ずるっとすべり落ちかけたそれを、落下寸前に押さえた加頭栗一生は、「またか」と言う代わりにため息をついた。
これをおこなったのが主任や課長ならそんなリアクションにならない───いや、仕事の割り当てがおかしかったり、そもそも、こんな渡しかたをされれば、そうなるかもしれない───が、今、彼に見向きもせず、背をみせて去っていくのは、多少入社が早いだけの同僚であり、もちろん仕事を割り振る権限なぞ持ち合わせていない。
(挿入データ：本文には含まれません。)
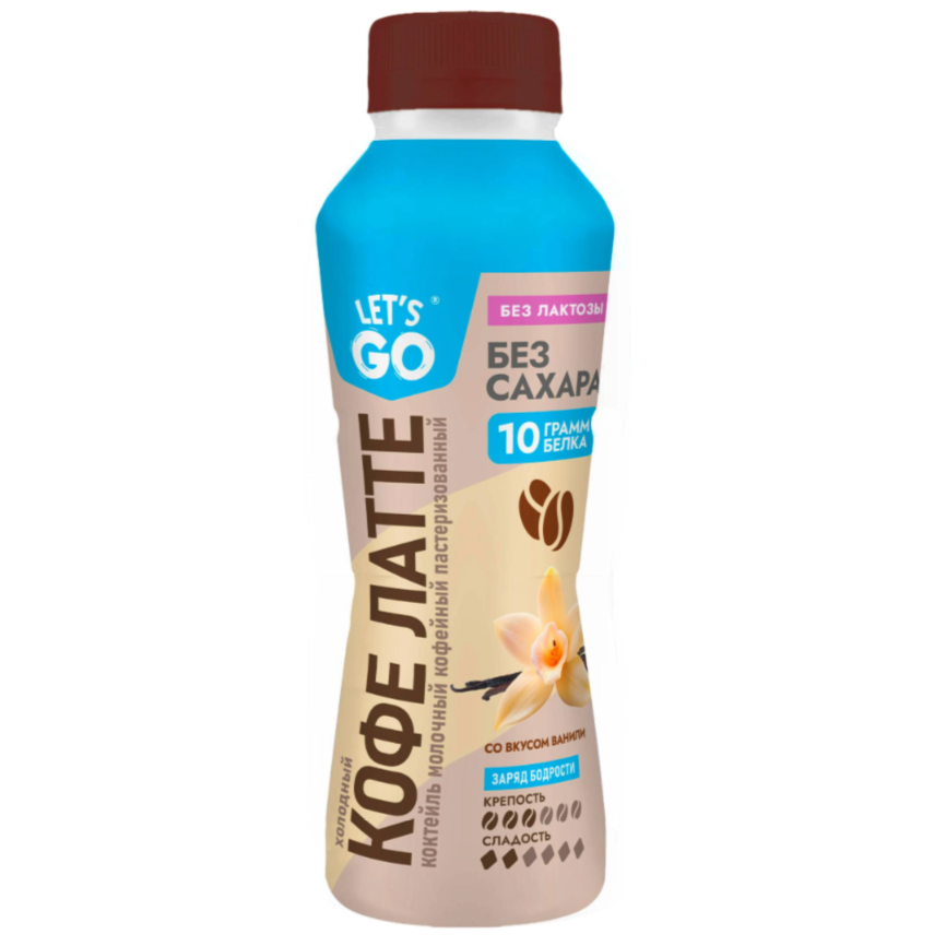 БЗМЖ КОКТЕЙЛЬ МОЛОЧНЫЙ LETS GO БЕЗЛАКТОЗ КОФЕ ЛАТТЕ ВАНИЛЬ 330 МЛ ПЭТ

最初は本当にスケジュールが厳しいようなので頼みを聞いた。だが、当初、両手を合わせて拝んできた相手が、軽く頭を下げるだけになり、それすらしなくなって、言葉の端にさえ感謝の欠片すら見えなくなり、なんなら気の合う───要は、同じように他の人に仕事を押し付けている───輩と、あまり余裕のないはずの業務時間中に、なぜか笑いながら食っちゃべってるのを見るにつけ、自分が騙されて上手く利用されている、最初っから演技だったのでは? なんて疑念が拭えなくなっていく。
いや、拭う必要もないんだけどね?
ワハハ、と。なぁにが面白いんだか、自分とは関係のないところで盛り上がっている連中の背中に一瞥をくれ、書類の内容に目を通し始めた彼は。
真っ青な顔で。
なぜか。
友人との飲み会に想いを馳せた。
○≡
飲み会の待ち合わせの時間なんてのは、そう厳密なものでもない。なんなら店に入って飲み始めていてもいいのだから。ちょっと早かろうと、遅かろうと気のおけない友人なら気まずくなったりはしない。
はずだった。
「・・・」「・・・」
野郎二人が、待ち合わせ三十分も前に店の前でばったりあったりしなければ。
「それで最近どうよ、カズカズ」
初々しい恋人が初デートでやらかすような出来事を何事もなかったようにスルーして、トリアエズナマを頼み、ちょっと迷ったあとおしぼりで顔を拭く暴挙に出たのは見星、その名のとおり星をみる職業、国立天文台職員だ。
「うーん。ぼちぼちかな」
こちらは手を拭くだけに止めたのは加頭栗一生、名前の読みは「いっしょう」なのだが、「かずお」とも読めるため、親しい友人は名字の前二文字とくっ付けて呼ぶこともある。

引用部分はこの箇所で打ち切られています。